Now, at equilibrium $ \sum\limits_i {{\nu _i}{\mu _i}\, = \,0} $ , where $ {\nu _i} $ is the stoichiometric coefficient of component $ i $ with proper sign and $ {\mu _i} $ is the chemical potential of the component $ i $ .
Applying this to equation $ \left( 1 \right) $ , $ {\mu _{MgO}} + {\mu _{C{O_2}}} - {\mu _{MgC{O_3}}}\, = \,0........\left( 2 \right) $ .
Now we know, $ {\mu _i}\, = \,{\mu _i}^ \circ \left( T \right)\, + \,RT\ln \left( {\dfrac{{{P_i}}}{{{P_i}^ \circ }}} \right) $ .

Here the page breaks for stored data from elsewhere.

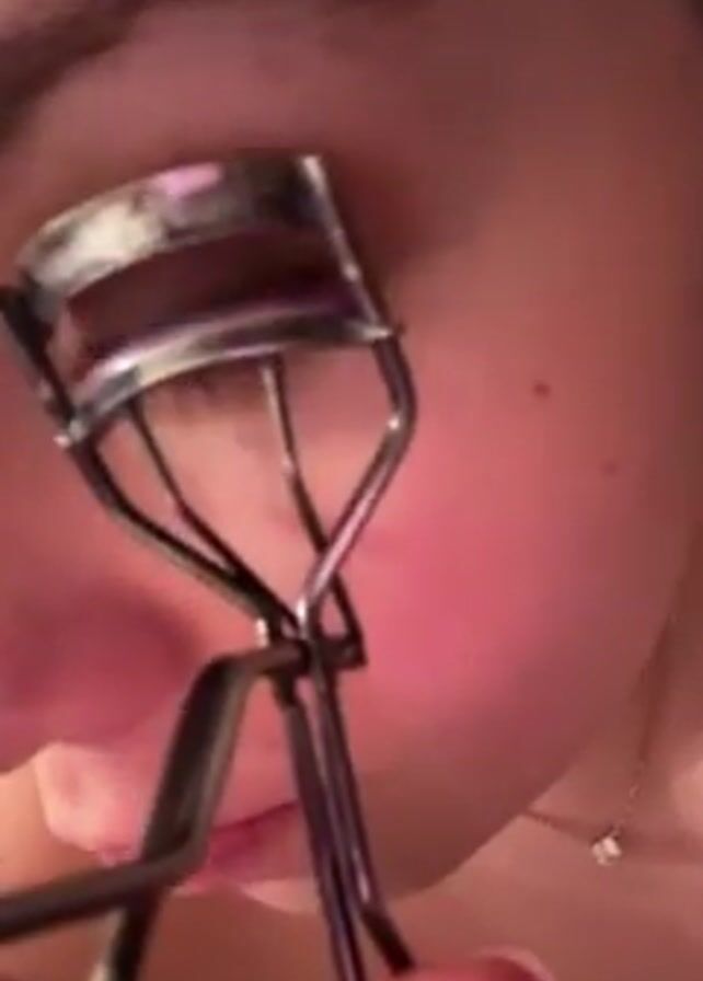 A close-up shot shows a person using an eyelash curler on their upper eyelashes of their left eye
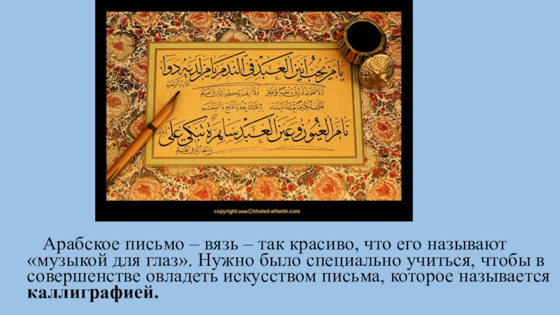 Слайд 7 Арабское письмо – вязь – так красиво, что
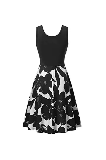 VETIOR Women's Vintage Scoop Neck Midi Dress Sleeveless A-line Cocktail Party Tank Dress
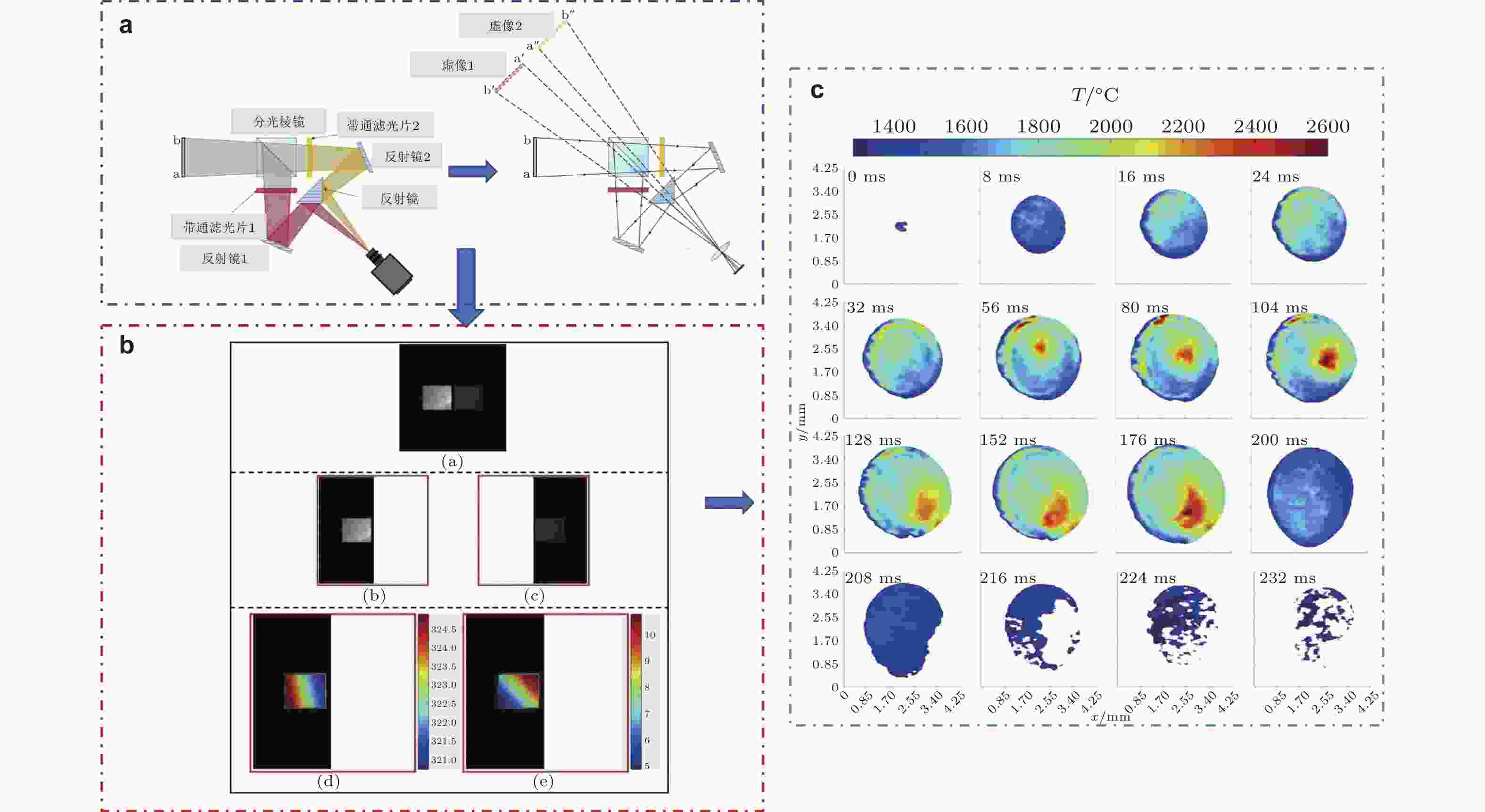 图 5 基于光学检测的双波段比色测温法获取熔池温度场流程示意图.(a)双波段分光光路(Hao et al. 2020), (b)基于DIC的双波段图像匹配方法(Ma et al. 2022), (c)温度场测量结果(Hao et al. 2020)
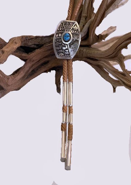 1516 Bolo by Santo Domingo artist Joseph Coriz. The 2” x 3” bolo has a pueblo scene, corn, harvest basket and animals. Eighteen karat gold dots are sprinkled throughout. A 3/8” x 1/2” Kingman cabochon is in the center, encased by a 14 karat gold bezel. The bolo is on 40” tan hand braided leather. Three piece sterling silver tips compliment the bolo.
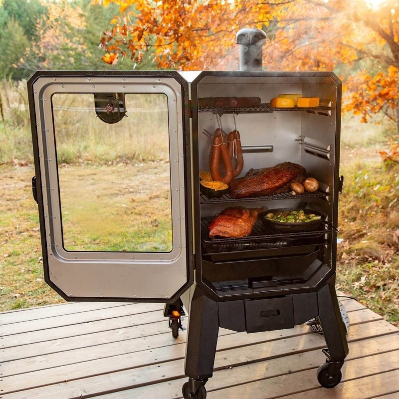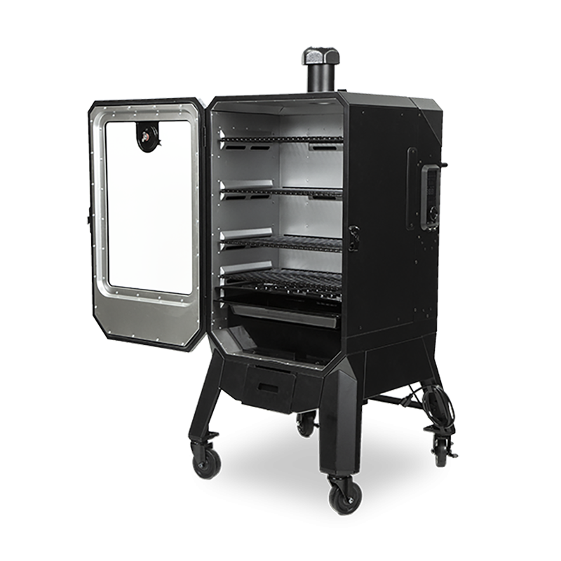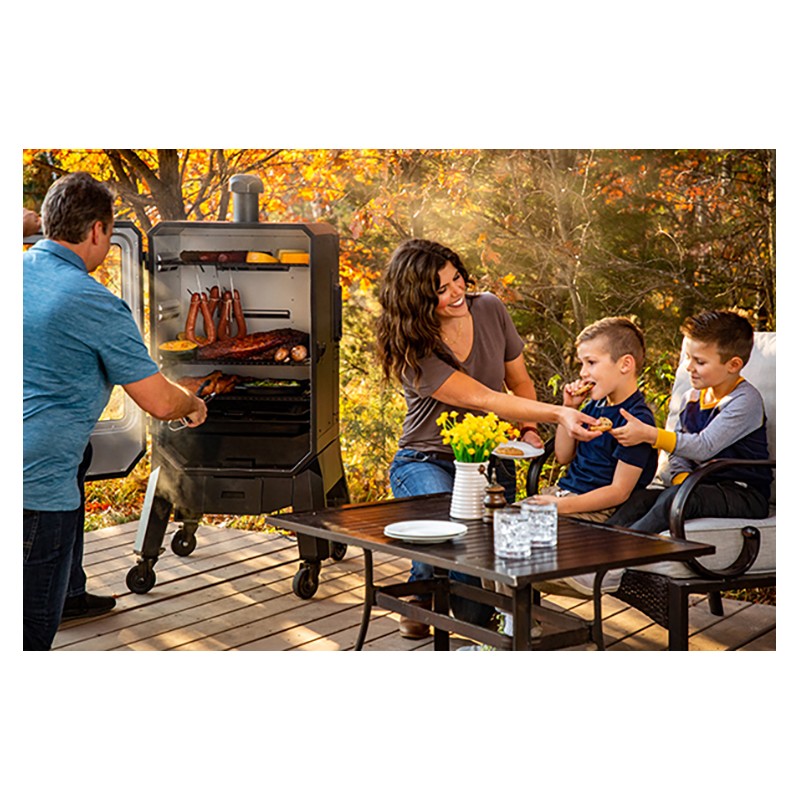 jamais l'obtention de la véritable saveur du bois n'a été aussi intelligente, facile et accessible qu'avec le Pit Boss Pro Séries 4-Series Fumoir Vertical

Applying this to equation $ \left( 2 \right) $ we get,
 $ {\mu _{MgO}}^ \circ \, + \,{\mu _{C{O_2}}}^ \circ \, - \,{\mu _{MgC{O_3}}}^ \circ \, + \,RT\ln \left( {\dfrac{{{P_{MgO}}}}{{{P_{MgO}}^ \circ }}} \right)\, + \,RT\ln \left( {\dfrac{{{P_{C{O_2}}}}}{{{P_{C{O_2}}}^ \circ }}} \right)\, - \,RT\ln \left( {\dfrac{{{P_{MgC{O_3}}}}}{{{P_{MgC{O_3}}}^ \circ }}} \right)\, = \,0 $
 $ \Rightarrow \,\left( {{\mu _{MgO}}^ \circ \, + \,{\mu _{C{O_2}}}^ \circ \, - \,{\mu _{MgC{O_3}}}^ \circ } \right)\, = \, - RT\ln \left( {\dfrac{{{P_{MgO}}}}{{{P_{MgO}}^ \circ }}} \right)\, - \,RT\ln \left( {\dfrac{{{P_{C{O_2}}}}}{{{P_{C{O_2}}}^ \circ }}} \right)\, + \,RT\ln \left( {\dfrac{{{P_{MgC{O_3}}}}}{{{P_{MgC{O_3}}}^ \circ }}} \right) $
 $ \Rightarrow \,\left( {{\mu _{MgO}}^ \circ \, + \,{\mu _{C{O_2}}}^ \circ \, - \,{\mu _{MgC{O_3}}}^ \circ } \right)\, = \, - RT\ln \left\{ {\dfrac{{\left( {\dfrac{{{P_{MgO}}}}{{{P_{MgO}}^ \circ }}} \right)\left( {\dfrac{{{P_{C{O_2}}}}}{{{P_{C{O_2}}}^ \circ }}} \right)}}{{\left( {\dfrac{{{P_{MgC{O_3}}}}}{{{P_{MgC{O_3}}}^ \circ }}} \right)}}} \right\}............\left( 3 \right) $
Now, the left hand side of the above equation is the standard Gibbs free energy change i.e. $ \Delta {G_P}^ \circ $ of the reaction and is given by $ \Delta {G_P}^ \circ \, = \,{\mu _{MgO}} + {\mu _{C{O_2}}} - {\mu _{MgC{O_3}}} $ .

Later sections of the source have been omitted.